The “Kapayapaan” plan considers that military operations alone cannot address the insurgency problem here in the Philippines. It should be a whole-of-nation approach. This was a paradigm shift that we adopted. Before, the security forces of the government focused more on military operations or campaigns, neutralizing the enemy, and dealt more with the technical aspects of military operations. Nowadays, we have incorporated development into the counter-insurgency campaign of the government. Under the whole-of-nation approach, we make sure that concerned government stakeholders like the Department of Social Welfare, the Department of Public Works and Highways and the Department of Agrarian Reform will be part of the team. Because after securing the countryside, we need to develop and sustain the community. Of course, the development phase or operation is no longer part of the mandate of the Department of National Defense. Development will be done by other concerned departments of the government. So, we make sure that everybody will be equipped and capacitated in order to sustain peace in the area. It is a lot of coordinative work, but we're doing it, integrating the different government stakeholders one by one.

In your view, what are the main challenges in applying IHL in counter-insurgency situations like the ones that you see in the Philippines?

One of the main challenges that we encounter is ensuring that non-State actors appreciate and observe the principles of IHL. For this big challenge, we need someone to educate the non-State actors. Of course, the Department of National Defense or the Armed Forces of the Philippines cannot do it.

Another problem we are facing here in the Philippines is addressing terrorist groups such as the ASG in the regions of Sulu, Tawi-Tawi, Jolo and Basilan. How can we relate to them and educate them on the principles of IHL? It's a sad reality that these groups are not fighting for any political or socio-economic cause; they are simply big groups of bandits. So, again, how can we educate this armed group and teach them to respect and observe IHL principles? And who will educate these people about IHL? It's hard to think of who could influence them and how to incentivize their compliance with IHL. An independent organization or group will certainly play a significant role in educating these people. In my personal view, the ICRC can play a big role in this huge endeavour.

On the other hand, the continuous advocacy campaigns on IHL among members of the Armed Forces of the Philippines are still a challenge because of the huge number of such members. We have incorporated subjects on human rights and IHL as part of their regular military career courses. Other advocacy campaigns or programmes are also being undertaken, in partnership with the ICRC, considering that we have limited resources to manage.

The main challenge of the counter-insurgency campaign and the internal conflict is that it's a war among Filipinos. The victims of this war are not foreign individuals or groups – they are Filipinos. That's the saddest and hardest part. Of course, the counter-insurgency campaign is not just an issue of a military operation. It's an issue of how we Filipinos embrace the humanitarian side, and this could be achieved through peaceful means. Counter-insurgency has been going on for more than five decades now. It's a long war, and the victims are the Filipinos themselves.

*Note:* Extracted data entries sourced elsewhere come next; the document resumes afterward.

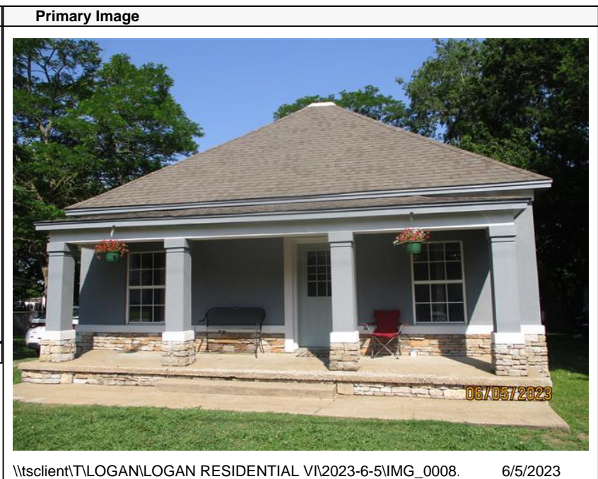
\\tsclient\T\LOGAN\LOGAN RESIDENTIAL VI\2023-6-5\IMG_0008. 6/5/2023
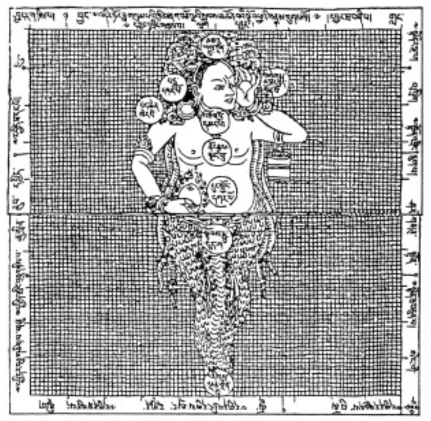
Figure 6: Uraga: serpent-bellied earth-lord (extracted from the Sumpa Khenpo)

Clearing the site is carried out by digging up the site [commencing at the armpit] of the uraga [naga] after having determined [its position].<sup>14</sup> Once
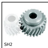
Parallel axis helical gear, Steel 20NCD2
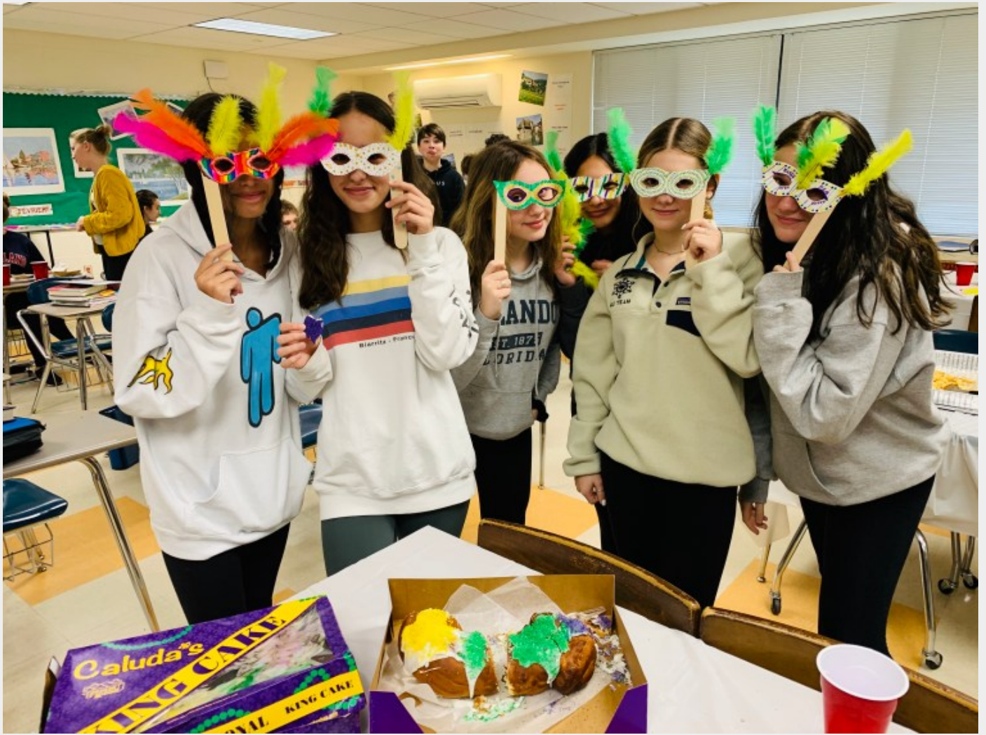
Eighth grade French students learned about Carnival celebrations in four different regions of the world, Nouvelle Orléans, Binche (Belgium), Nice (France), and Québec.
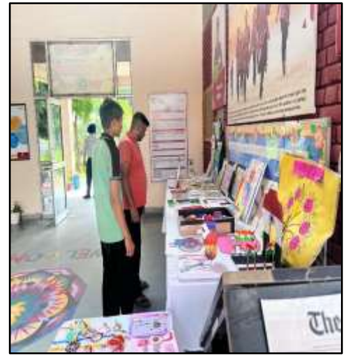
Figure 2 TLM Exhibition at Sr. Sec Jhaneri

by Bharti Airtel Foundation is the annual TLM Mela, TLMs used effectively in classrooms. The competition is conducted at three levels— School Level, District Level, and National Level. Data on TLM usage during the year :
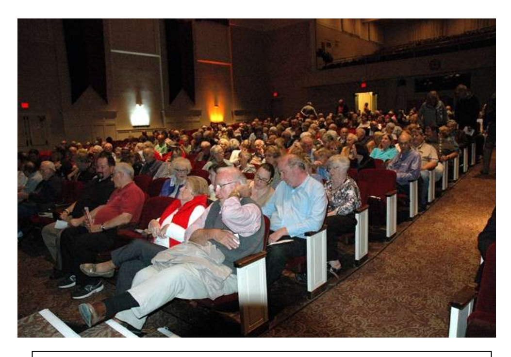
The audience at Coe College Sinclair Auditorium for the premier showing of "The Arthur A. Collins Legacy - A Culture of Innovation" October 9, 2015

What are some of the IHL-related lessons learned as the insurgencies in the Philippines have become increasingly protracted?

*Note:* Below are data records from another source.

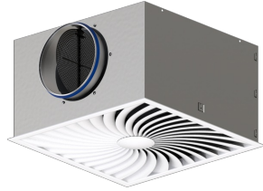
Square face style with square plenum box
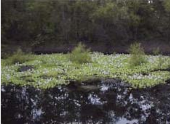
Small lagoon pond near the house
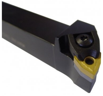
L467 Professional Lathe Parting Tool Kit - Insert Type
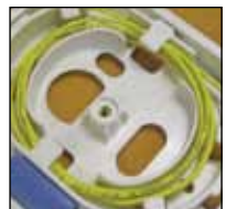
Pigtail Storage in COYOTE Splice and Store Fiber Wall Plate
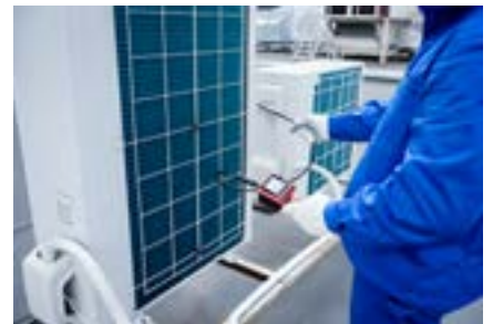
Precision Air Conditioning Systems
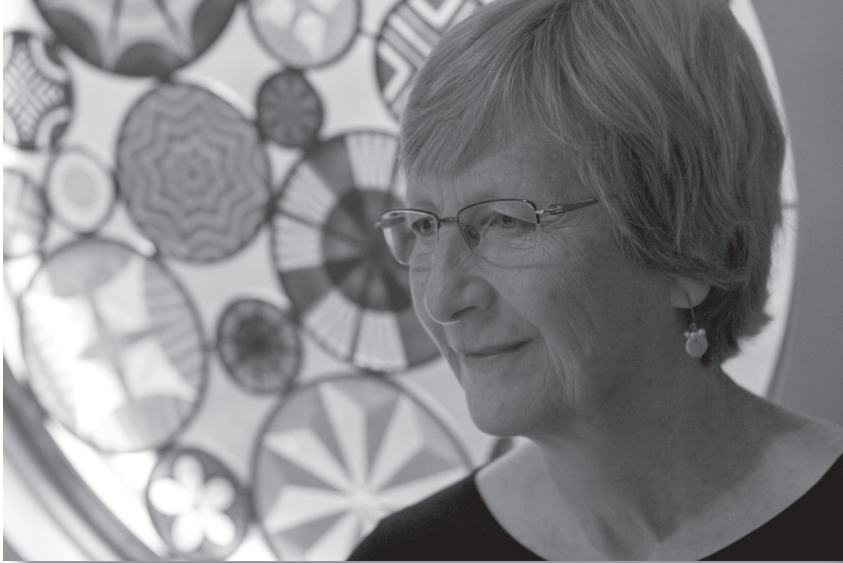
Laurel Thatcher Ulrich, 2009. In 2009, Laurel received the John F. Kennedy Award from the Massachusetts Historical Association. That same year she also served as president of the American History Association.

gives us insights. Let me see if I can think of a really simple example of having to change my belief system because of a confrontation with experience. Certainly having and raising children makes you think very differently about the story of the Fall and the atonement. You think of the paradox of God giving a commandment and having it be part of the plan that Adam and Eve disobey. However, I don't think of God having a pre-established plan that Adam and Eve must disobey; I think about God knowing that this state of immaturity and mortality meant that it was impossible not to disobey because you were immature. And He knew there would be an ability to learn from, grow from, and overcome that. In raising children, you look at that story and you can sort of understand what was really going on there—that life is not about taking a manual and following A, B, C, D, E. Life is about an organic growth from immaturity (from a kind of naïve tell-me-what-to-do stage) to a kind of maturity in which you are constantly facing dilemmas and having to resolve them. The only way you grow is by trying to find your way through impossible dilemmas and problems.
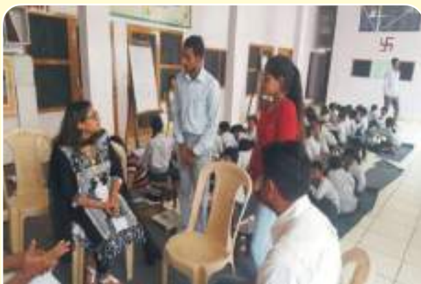
Vatsalya Vatika, Children Home, Kurukshetra
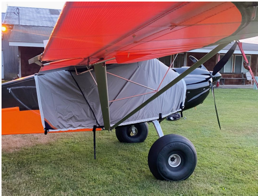
Skyreach Bushcat Travel Weight Canopy Cover

Travel Covers are made with Silver Solution-Dyed Polyester fabric and only lined over the windshield to save weight. The material is lightweight and more compact for easy stowage in the aircraft. The polyester material is water resistant, but only intended for occasional use outside. We also have an ultra lightweight material available for fitted hangar dust covers. For daily outdoor use, the non-travel Sunbrella Cover is the best choice.
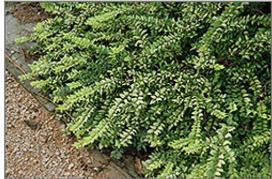
Edmee Gold Honeysuckle
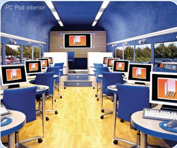
PC Pod interior

The daily rate includes all the essential technical support to configure the onboard IT to your specific requirements with the vital back-up to deliver and set up each unit on-site.
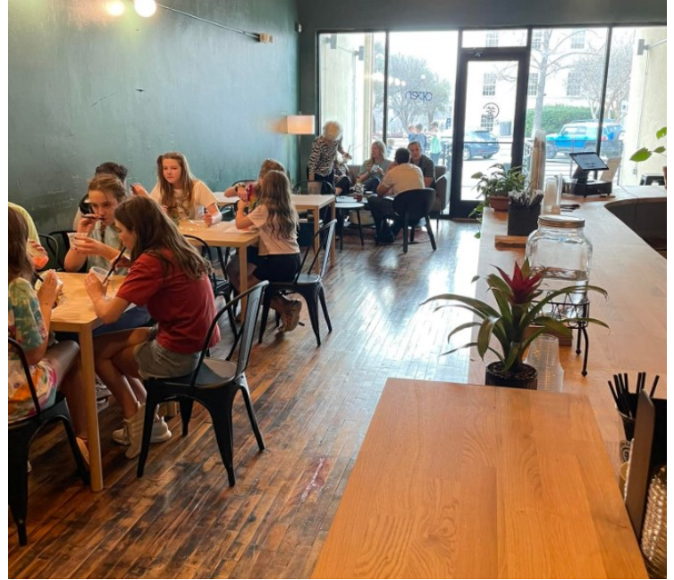
'Cha Community' Boba Tea Shop is now open at 7 N Main St.

We have seen a paradigm shift insofar as the counter-insurgency campaign is concerned. We've realized that military operations alone cannot address the counter-insurgency. We need to invite other stakeholders from the concerned government agencies and NGOs to help us in this campaign.

The act of neutralizing the armed component of an insurgent group will not end the armed conflict. All they need to do is to recruit, train and organize, and then more insurgents will resurface. So, it's a never-ending campaign. The “Kapayapaan” plan aims to address the issue. Peace and order is just one of the components. Development should be incorporated, followed by capacity-building; this would certainly ensure lasting peace and development.

You mentioned advocacy campaigns to promote respect for IHL by the Armed Forces of the Philippines. What measures has the Philippines government put in place to ensure that its forces comply with IHL?

One way of doing this is being part of the IHL Ad Hoc Committee. The Committee often meets to discuss programmes and activities that will promote IHL. It is a participatory way to get the involvement of every member of the Committee. Another way is through an annual oath by the security sector of the government – the Armed Forces of the Philippines, the Philippine National Police and the Philippine Coast Guard. We, the uniformed armed services, usually conduct an IHL oath every year, from the general headquarters, to the division or unit headquarters, and down to the battalion or similar unit level. Soldiers are required to take this IHL oath and re-dedicate themselves to observing the principles of IHL. Personally, I think one of the best practices that we're doing is the constant reminders to our troops relative to these principles. So we make sure that all our troops take their IHL oath every year, for them to be reminded of the principles of IHL.

As I have said, apart from the oath, all members of the security forces are trained and educated to uphold the principles of IHL and human rights all throughout their careers. Upon their recruitment, we incorporate IHL principles and human rights subjects into their programme of instruction. These subjects and principles are being taught and incorporated into the training modules undertaken by the different military training schools; they are taught starting from the recruitment of the candidate soldier and all through their career. In the officers’ corps, we assure that all our officers have adequate knowledge as far as the implementation and principles of IHL are concerned. This is important because they lead these fighting armed men, so we need to capacitate and educate them.

This is over and above the advocacy activities undertaken by the Armed Forces of the Philippines Human Rights Office. We have Human Rights Offices in the Army, in the Navy, and in the Air Force – and down to the battalion level, we have a human rights officer, whose role is to monitor compliance with IHL and human rights.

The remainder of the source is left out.